Professionals, meanwhile, inspire confidence with a process-driven approach–one proven to produce results.
These are the kinds of executive recruiters who enjoy continued success over time, the sort that builds upon itself and earns them a reputation. They don’t need to sell themselves or convince a client that they’re working hard, because they can point to the machine they’ve built, the results it has generated, and let that do the talking.
Searches conducted by recruiters who eschew process or don’t lend it this sort of credence turn out to be disasters.
#4: Great recruiters have high standards for themselves–and their work
Here’s the truth about maintaining efficient and inspiring processes: in order to do it, you have to hold yourself and those on your team to a certain standard of professionalism and excellence.
Executive recruiting is a lot of work. It entails outbound engagement with candidates, client management, process management–a veritable orchestra of responsibility.
Great recruiters ensure the mechanics of their process stay finely tuned. They arrive to meetings and status calls on time and well prepared. They use platforms liketo stay organized and keep all relevant reports and research findings in one collaborative space. Moreover, they don’t make excuses.
#5: Great recruiters like what they do and want to get better
As with any profession, to be great at executive recruiting, you have to want to be great. You have to want to improve.

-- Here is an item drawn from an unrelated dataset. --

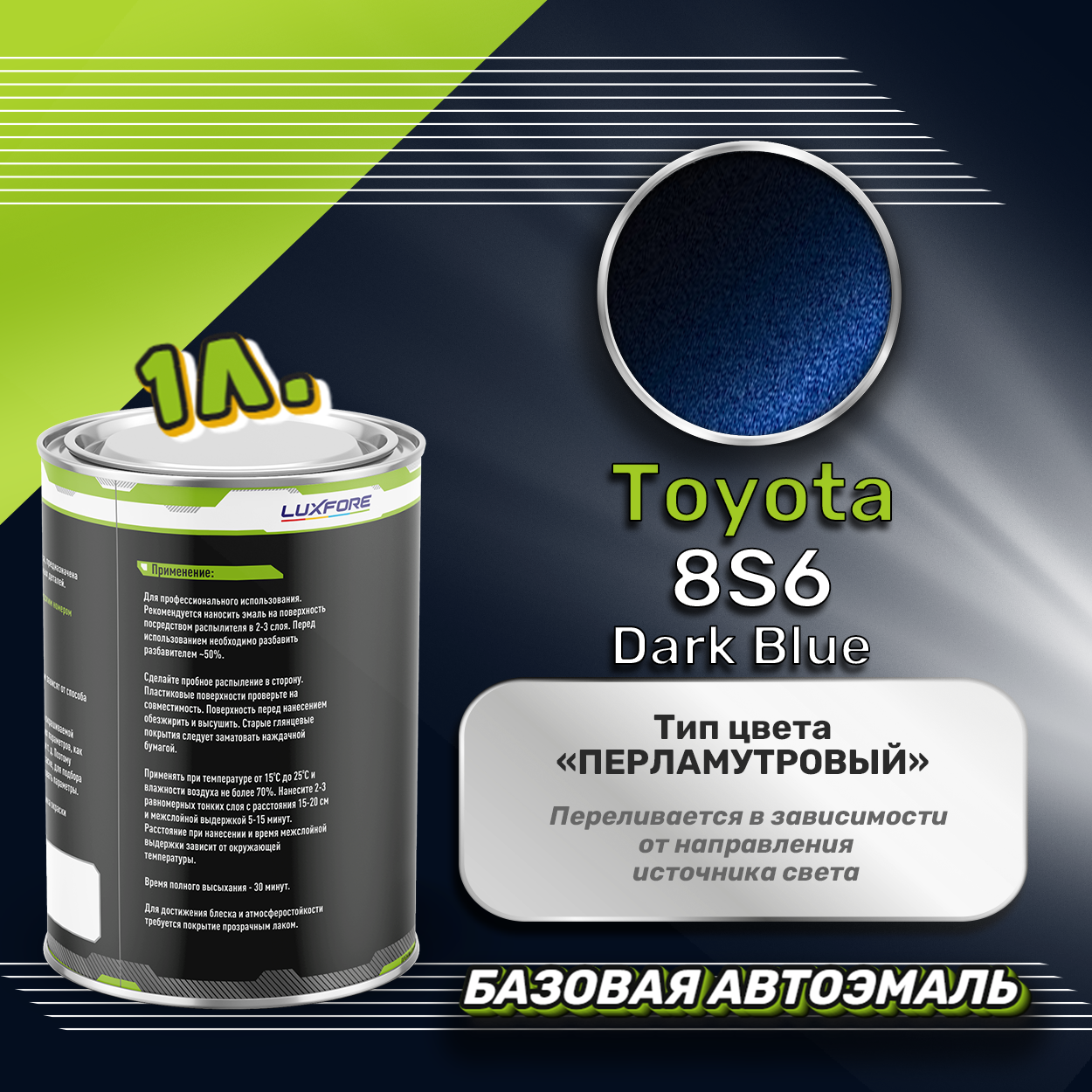 Базовая автоэмаль Luxfore в банке объемом 1000 мл, по цветовому каталогу Toyota, цвет 8S6 Dark Blue. Премиальная автомобильная краска, обладает высокой укрывистостью и скоростью сушки, что позволит вам: быстро и качественно провести предпродажную подготовку автомобиля, а также выполнить небольшой ремонт лакокрасочного покрытия самостоятельно. Примечание: Внимание! Все базовые автоэмали, не покрытые автомобильным лаком имеют тусклый матовый цвет, а также подвержены воздействию окружающей среды. Помните, что базовые автомобильные краски необходимо обязательно покрывать автомобильным лаком для защиты от воздействия окружающей среды, а также получения законченного глянцевого вида.

The reason? Executive recruiting is athletic. It’s competitive. It’s hard, and it requires a certain commitment. You have to push yourself. And in order to do that on a regular basis, you have to want to get better at it.
If you don’t, you’ll fall behind. Simple as that. Because elsewhere, other recruiters do want to improve and are working harder than you every minute to do just that.
Executive search is hard. There are times when you’ll fail or become demoralized. But what separates average recruiters from those who are transcendent are the internal skills–the mechanisms churning like pistons beneath your rib cage that can only be learned over time. That’s what powers you to work harder than the competition.
At the end of the day, it doesn’t matter if you’re flashy or slick. What matters is that internal machinery.